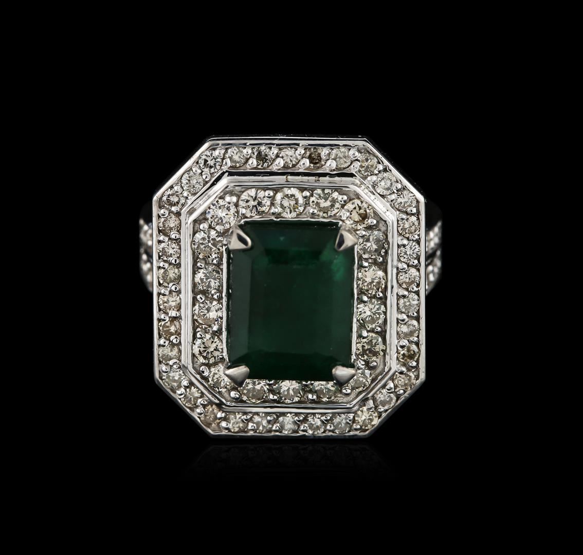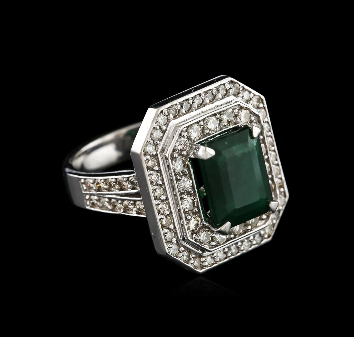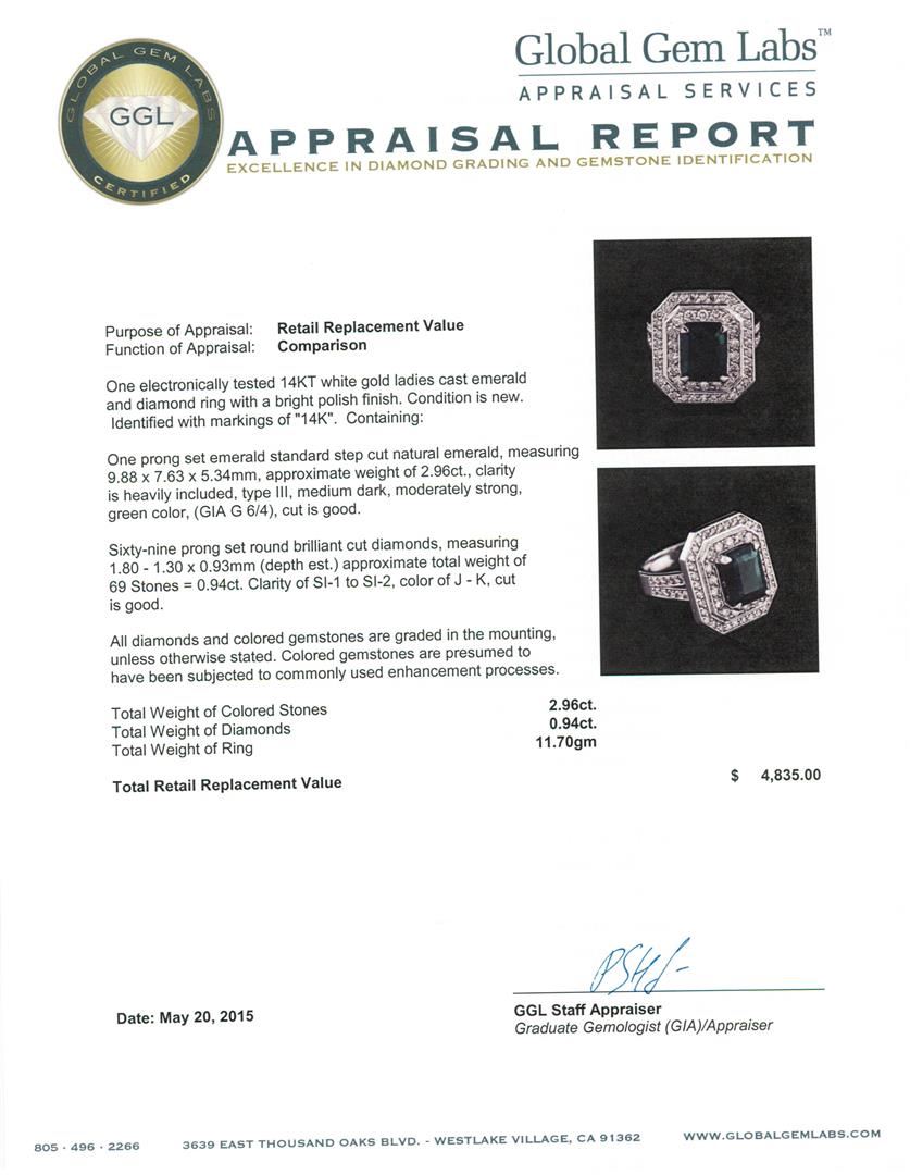 One electronically tested 14KT white gold ladies cast emerald and diamond ring with a bright polish finish. Identified with markings of "14K". Condition is new. Containing: One prong set emerald standard step cut natural emerald, measuring 9.88 x 7.63 x 5.34mm, approximate weight of 2.96ct., clarity is heavily included, type III, medium dark, moderately strong, green color, (GIA G 6/4), cut is good. Sixty-Nine prong set round brilliant cut diamonds, measuring 1.80 - 1.30 x 0.93mm (depth est.) approximate total weight of 69 Stones = 0.94ct. Clarity: SI-1 to SI-2. Color: J - K, Cut is Good. All diamonds and colored gemstones are graded in the mounting, unless otherwise stated. Colored gemstones are presumed to have been subjected to commonly used enhancement processes. Total Weight of Colored Stones 2.96ct. Total Weight of Diamonds 0.94ct. Total Weight of Ring 11.70 grams. GGL Appraised at $4,835.00.
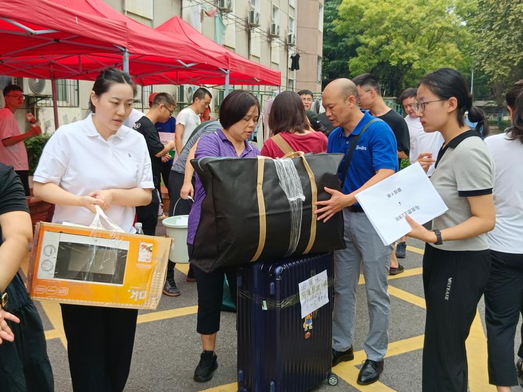 回迁工作小组按照事先计划进行现场引导与协调,并为回迁员工进行楼层方向的引导并帮助搬运行李至寝室。为了避免行李遗失,学院安排了志愿者看守现场行李,整个搬运过程分工明确、井井有条,十分有序。空气湿热,气温超过三十多度,参加搬迁工作的每一个人的衣服被汗水浸湿,但脚步从未停歇。从车上搬下行李、一层层爬楼搬运行李、快速跑下楼搬下一趟行李……大家都认真负责地将自己的任务落实到位,毫无怨言。
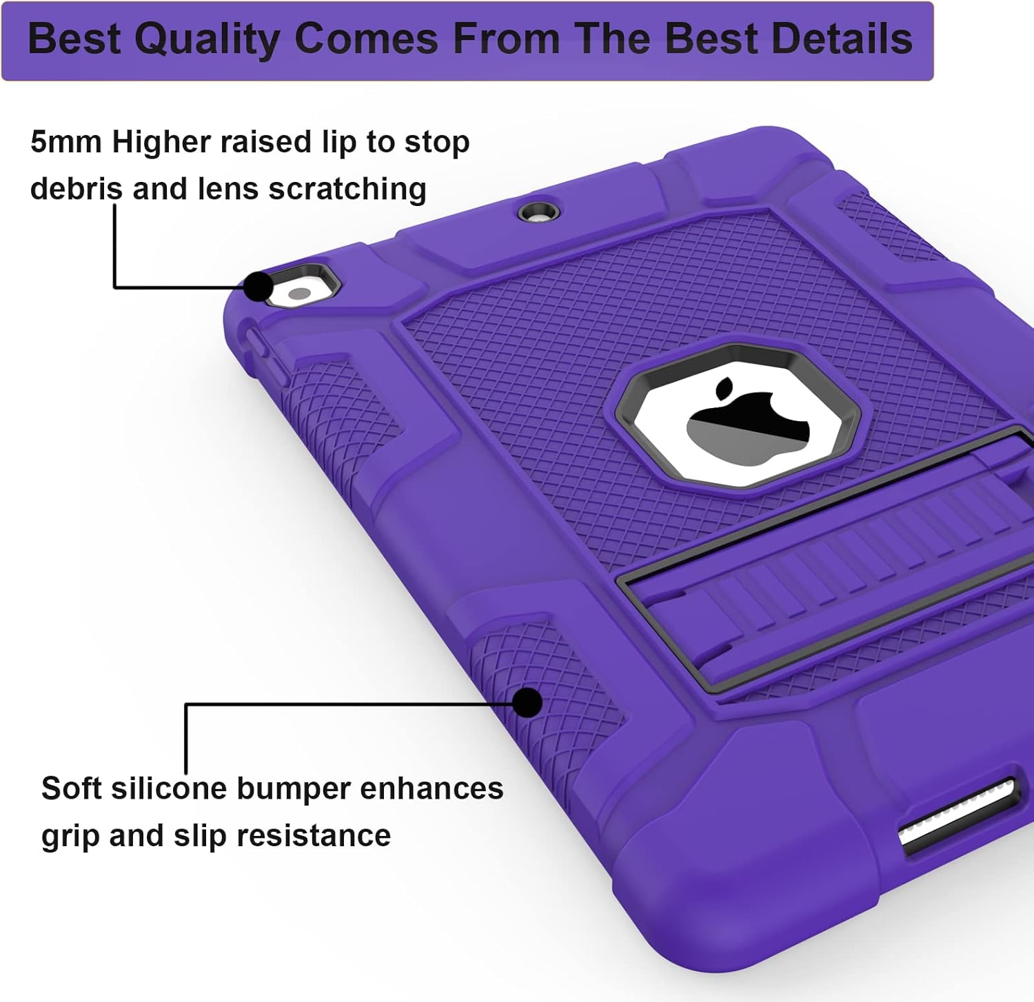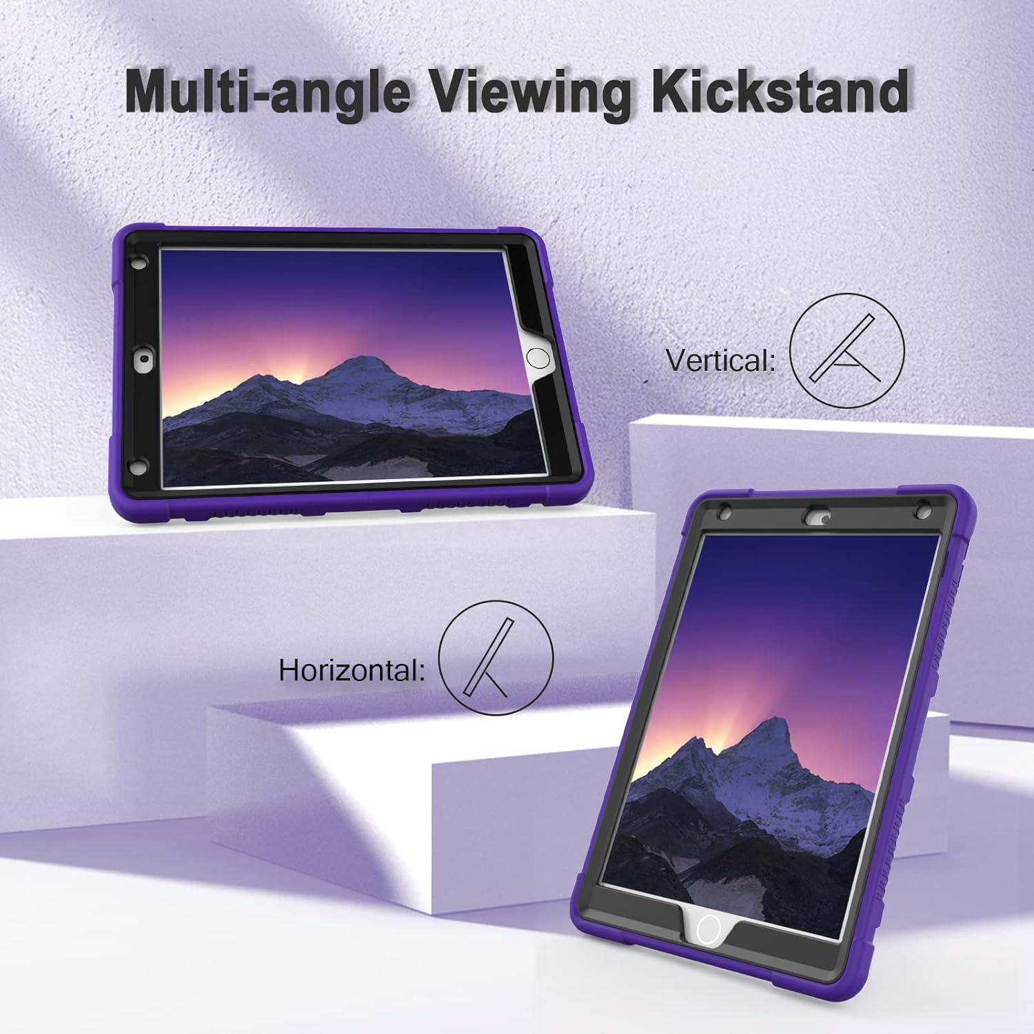 Rantice iPad 9th Generation Case, iPad 8th Generation Case, iPad 7th Generation Case, Hybrid Shockproof Rugged Drop Protection Cover with Kickstand for iPad 10.2'' Purple+Black
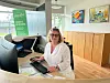 Doris Brüning Wolz an ihrem neuen Arbeitsplatz hinter dem Empfangstresen im Haus Nordschleswig
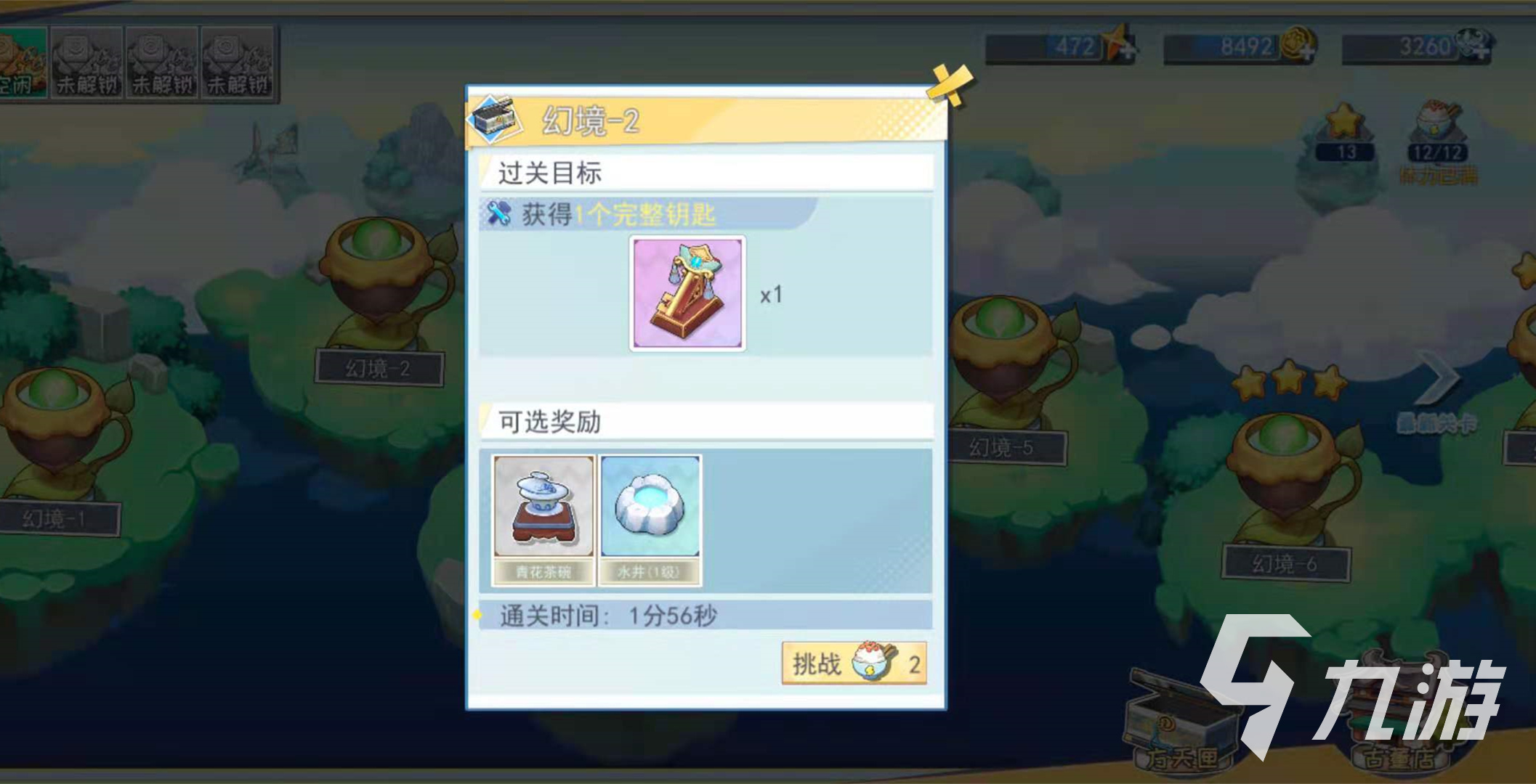 首先玩家進入到方天匣界面或者是古關(guān)董店界面,在右手邊靠下的位置就有幻境兩個字,玩家進入到幻境中,幻境1的闖關(guān)方法很簡單,小編就不仔細介紹了,挑戰(zhàn)到第二關(guān)卡,只要獲得1個完整的鑰匙就可以通關(guān),通關(guān)獎勵有一個青花瓷碗,這只碗是一只青花瓷茶碗,上面繪有精巧的山水紋路,獲得這只碗就可以到方天匣中進行修復了,獎勵中有一口一級水井,是代表情感源泉的小水井,升級到二級才能進行采集的。
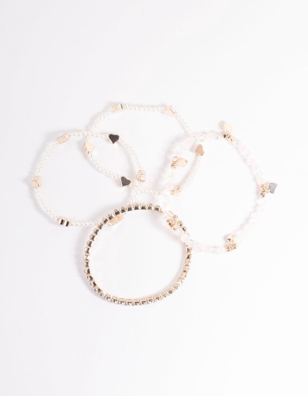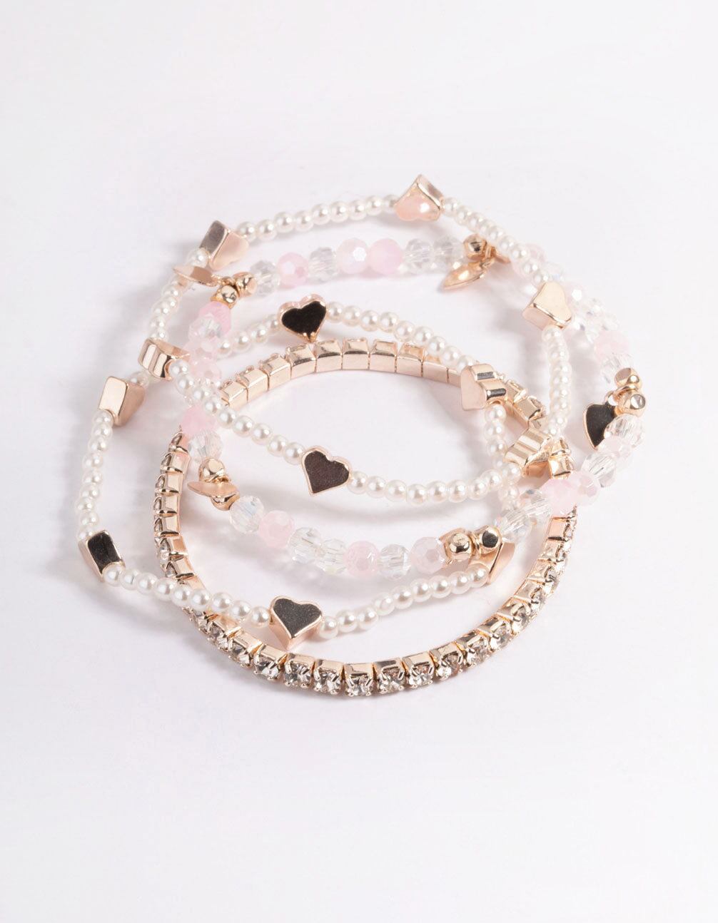 Kids Rose Gold Heart Diamante Stretch Bracelet 4-Pack
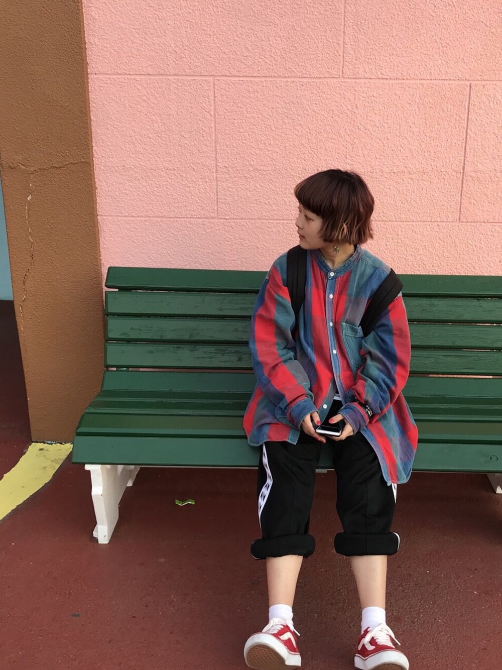 かよちんのスニーカー「VANS ヴァンズ OLD SKOOL DX オールドスクール DX V36CL+ T.RED」を使ったコーディネート

> DIRECTIONS:
Although the records contain pictures, only the text should be copied, exactly as it stands.

> RESULT OF THIS TASK:
 One electronically tested 14KT white gold ladies cast emerald and diamond ring with a bright polish finish. Identified with markings of "14K". Condition is new. Containing: One prong set emerald standard step cut natural emerald, measuring 9.88 x 7.63 x 5.34mm, approximate weight of 2.96ct., clarity is heavily included, type III, medium dark, moderately strong, green color, (GIA G 6/4), cut is good. Sixty-Nine prong set round brilliant cut diamonds, measuring 1.80 - 1.30 x 0.93mm (depth est.) approximate total weight of 69 Stones = 0.94ct. Clarity: SI-1 to SI-2. Color: J - K, Cut is Good. All diamonds and colored gemstones are graded in the mounting, unless otherwise stated. Colored gemstones are presumed to have been subjected to commonly used enhancement processes. Total Weight of Colored Stones 2.96ct. Total Weight of Diamonds 0.94ct. Total Weight of Ring 11.70 grams. GGL Appraised at $4,835.00.
 回迁工作小组按照事先计划进行现场引导与协调,并为回迁员工进行楼层方向的引导并帮助搬运行李至寝室。为了避免行李遗失,学院安排了志愿者看守现场行李,整个搬运过程分工明确、井井有条,十分有序。空气湿热,气温超过三十多度,参加搬迁工作的每一个人的衣服被汗水浸湿,但脚步从未停歇。从车上搬下行李、一层层爬楼搬运行李、快速跑下楼搬下一趟行李……大家都认真负责地将自己的任务落实到位,毫无怨言。
 Rantice iPad 9th Generation Case, iPad 8th Generation Case, iPad 7th Generation Case, Hybrid Shockproof Rugged Drop Protection Cover with Kickstand for iPad 10.2'' Purple+Black
 Doris Brüning Wolz an ihrem neuen Arbeitsplatz hinter dem Empfangstresen im Haus Nordschleswig
 首先玩家進入到方天匣界面或者是古關(guān)董店界面,在右手邊靠下的位置就有幻境兩個字,玩家進入到幻境中,幻境1的闖關(guān)方法很簡單,小編就不仔細介紹了,挑戰(zhàn)到第二關(guān)卡,只要獲得1個完整的鑰匙就可以通關(guān),通關(guān)獎勵有一個青花瓷碗,這只碗是一只青花瓷茶碗,上面繪有精巧的山水紋路,獲得這只碗就可以到方天匣中進行修復了,獎勵中有一口一級水井,是代表情感源泉的小水井,升級到二級才能進行采集的。
 Kids Rose Gold Heart Diamante Stretch Bracelet 4-Pack
 かよちんのスニーカー「VANS ヴァンズ OLD SKOOL DX オールドスクール DX V36CL+ T.RED」を使ったコーディネート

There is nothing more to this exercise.